Мухой в благовонных притираниях поэта, так сказать, оставался его давний враг Марк Весаний, неожиданно объявившийся в Виндобоне (Св. IV, Фр. 6) и посетивший представление комедии Овидия (Св. IV, Фр. 7). Именно это и заставило его покинуть Виндобону.

Где он нашел убежище?

Сохранившиеся фрагменты дают лишь обрывочные указания на его дальнейшую жизнь. Наместник Поппей, официально объявивший о смерти Овидия, который якобы утонул в Томах, как будто также помог ему бежать из Виндобоны в обществе Квеста и Агриколы. В тексте упоминаются два написанных Поппеем письма: одно Тиберию, другое – Кунобелину.

Первое, вероятно, содержало доклад Поппея императору о том, что беспокойный поэт, пока скрывался в Виндобоне, совершил новые и опасные «оплошности». Соответственно, его высылка отсюда стала настоятельной необходимостью. «Утопление» и «воскресение» были, по всей видимости, негласно санкционированы Тиберием (см. Св. V, Фр. 1: «В конце концов, Тиберий же согласился»).

Но куда его послали?

Следы его нам дает упоминание второго письма, Кунобелину. Кунобелин (шекспировский Цимбелин) был «царем Британии» (rex Britannorum, как называет его Светоний), введшим римские нравы в не оккупированную еще саксами Англию. Например, он чеканил монету с собственным портретом; но важнее другое – он пытался насадить при своем дворе обычаи Рима. Это понятно, так как, согласно написанной в шестнадцатом веке «Истории Англии» Голиншеда, Кунобелин (или, в написании Голиншеда, Кимбелин) «был воспитан в Риме и здесь возведен в рыцари Августом Цезарем, под знаменем которого сражался в войнах и был в таком у него почете, что волен был платить дань или нет, как пожелает». В его правление процветала обширная торговля с римскими гарнизонами в Германии и Галлии: покупая предметы роскоши из Рима, Кунобелин продавал зерно, шкуры и железо, в котором армия нуждалась превыше всего, но также золото, серебро, рабов и охотничьих собак.

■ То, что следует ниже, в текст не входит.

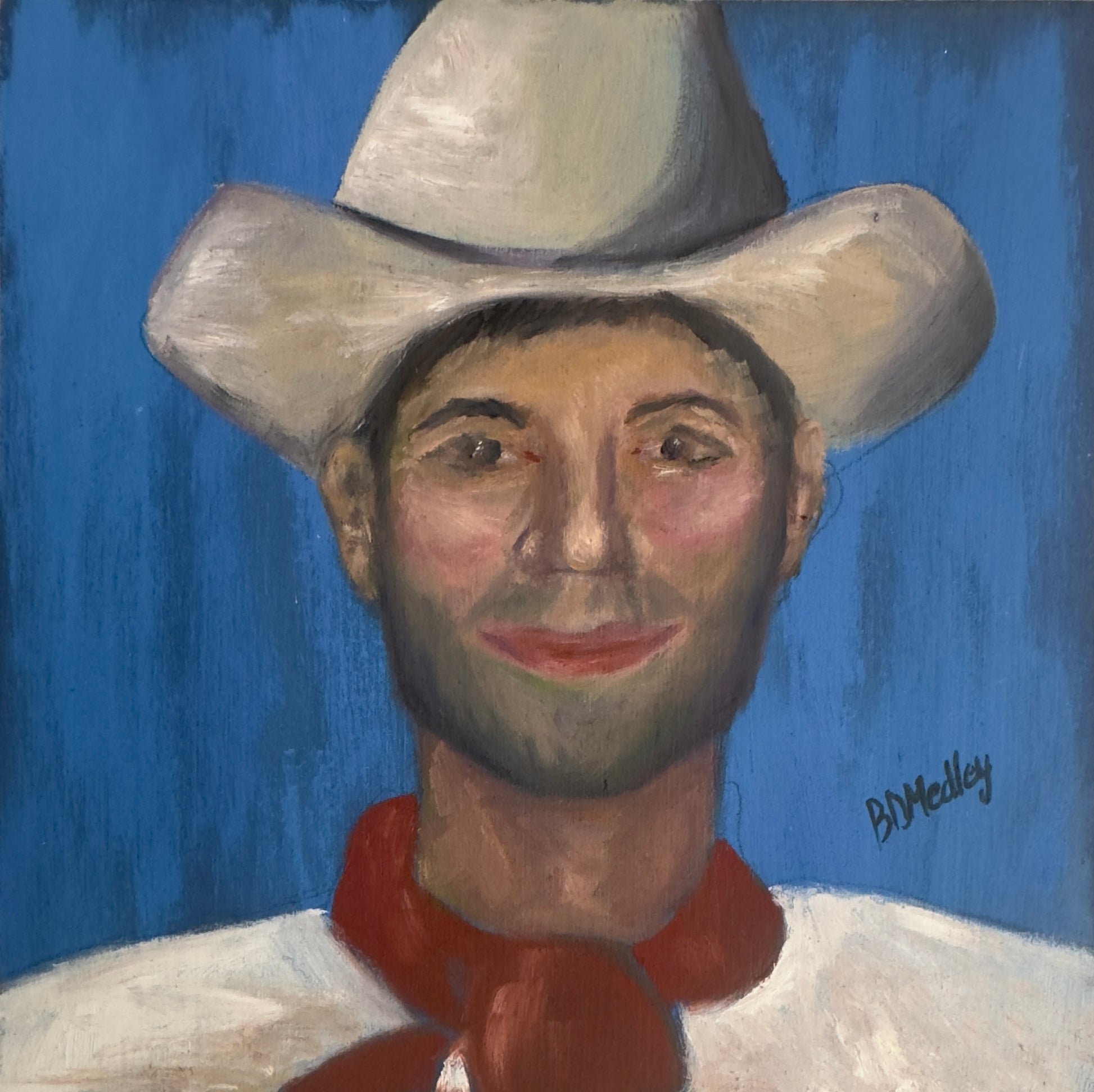 6x6 oil painting in Wood Block; Cowboy; 2024
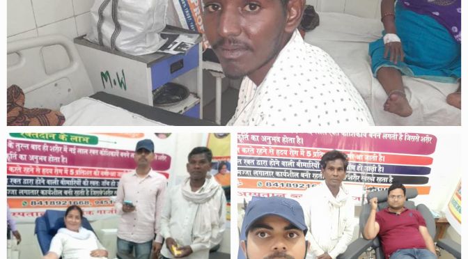 गाजीपुर। मेडिकल कॉलेज में भर्ती असहाय सूरज प्रकाश उम्र 16 वर्ष पुत्र उमाशंकर प्लास्टिक एनीमिया (कैंसर) से पीड़ित है। जिसका इलाज पीजीआई में चल रहा है। जिसको डॉक्टर ने दो यूनिट ब्लड और प्लेटलेट्स चढ़ाने के बाद ब्रोन मैरो कराने का सुझाव दिया। जिसके बाद सूरज प्रकाश को तत्काल दो यूनिट ब्लड और प्लेटलेट्स की आवश्यकता थी। पीजीआई में ब्लड और प्लेटलेट्स की व्यवस्था नही था। जिसकी जानकारी होते ही कुँवर वीरेन्द्र सिंह ने पीजीआई में भर्ती सूरज प्रकाश के पिता उमाशंकर से बात किया और सूरज प्रकाश को गाजीपुर बुलाकर मेडिकल कॉलेज में भर्ती कराया। भर्ती होने के बाद एक यूनिट ब्लड मेडिकल कॉलेज में कार्यरत स्टॉप नर्स पूजा राय ने रक्तदान कर दिया। दूसरा रक्तदान मुकेश सिंह ने किया। मरीज सूरज प्रकाश और उनके असहाय पिता उमाशंकर से रक्तदानों ने मिलकर जल्द स्वस्थ होने की कामना किया। बता दें कि सूरज प्रकाश को पीजीआई में भर्ती कराने में आरुष चौधरी का योगदान रहा।
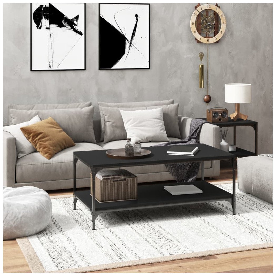 Coffee Table Black 100x50x40 cm Engineered Wood & Steel Industrial Storage Shelf
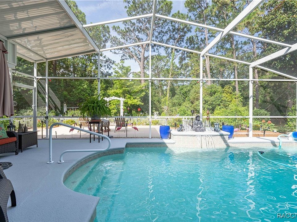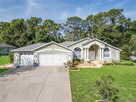 A true gem in Cypress Village, custom built by Van Orden Homes and nestled in the heart of Sugarmill Woods. Stunning from the moment you step through the DOUBLE DOOR entry. Featuring a NEW ROOF, installed in 2023 with all new gutters surrounding the home, a 4-ton TRANE HVAC system with UV LIGHT for moisture control added in 2021, and new luxury VINYL PLANK FLOORING, this residence is beautifully updated and move-in ready. The spacious THREE-CAR GARAGE is under CENTRAL A/C and heating, complete with tiled floors and INSULATED DOORS, excellent space for a workshop, or climate-controlled storage. The home is also equipped with a central vacuum system throughout, excluding the kitchen. The GOURMET KITCHEN is a chef’s dream, recently renovated with contemporary shaker cabinets, upscale granite countertops, a wet breakfast bar, a granite-topped desk area, a new osmosis water filtration system, and abundant storage space. The primary ensuite offers dual sinks, a new toilet, and a jetted tub, while both the primary and guest bedrooms feature new ceiling fans. The outdoor living space is equally impressive, the pool features a serene waterfall cascade. The tiled lanai has a new metal roof and ceiling fan, while the lanai, pool deck, and patio have all been freshly painted. The pool area includes a shower with hot and cold water, plus a convenient storage closet with shelving for all your pool accessories. Step into the backyard sanctuary which leads to a fenced, tiled patio bordered with edgers and framed by a garden. Surrounded by eight clusters of fragrant Confederate Jasmine and a protected greenbelt, this peaceful retreat is great for meditation, yoga, or simply enjoying nature and wildlife. Additional features include a well pump for irrigation, keeping the landscape vibrant year-round. This prime location is just two miles from Publix, with easy access to Homosassa Springs and the Suncoast Parkway, making the commute to Tampa effortless. Optional membership to the Sugarmill Woods Country Club is available. Don’t miss the opportunity to tour this exceptional home—schedule your showing today!

Иными словами, жизнь при дворе Кунобелина была гигантским шагом к лучшему в сравнении с примитивными условиями в Томах, и если Поппей избрал Британию последней остановкой в пути злополучного поэта, это было милосердным, даже щедрым поступком: получивший образование в Риме британский царь, несомненно, знал, кто такой Овидий, и, по всей вероятности, также читал его произведения. Кунобелин поддерживал контакт с римской культурой и посылал одаренных юношей в Рим получать образование и воинскую подготовку. Торговля с его двором шла через многих крупных и мелких купцов: Квест упоминает одного из них (в Св. V, Фр. 1): он замаскирован как Харон, перевезший Овидия в его последний дом.

И все равно друзья Овидия не сдавались.

Квест вернулся в Рим, вооруженный письмом Поппея, содержание которого по сей день остается загадкой, поскольку печать должна была остаться неприкосновенной, и они с Цециной вновь обратились к императору. Здесь они, конечно, потерпели поражение, «как легионы в Тевтобургском лесу» (Св. V, Фр. 2).

Скорее всего известие о новой комедии поэта и, возможно даже, список текста привез в Рим доносчик Ливии Марк Весаний. Своим произведением Овидий почти наверняка свел на нет все шансы когда-либо получить прощение Тиберия.

Мы не знаем, сколько он прожил при дворе Кунобелина (если он вообще туда прибыл) и где и как он умер. Неизвестно нам и то, написал ли он там что-нибудь и какую форму приняло его последнее произведение. Это могла быть поэма или, возможно, трагедия наподобие «Медеи», которая пользовалась большим успехом в Риме, но также не сохранилась.

Теперь давайте обратимся ко второму вопросу, который поднимает рукопись Квеста: как ее автор попал в Америку?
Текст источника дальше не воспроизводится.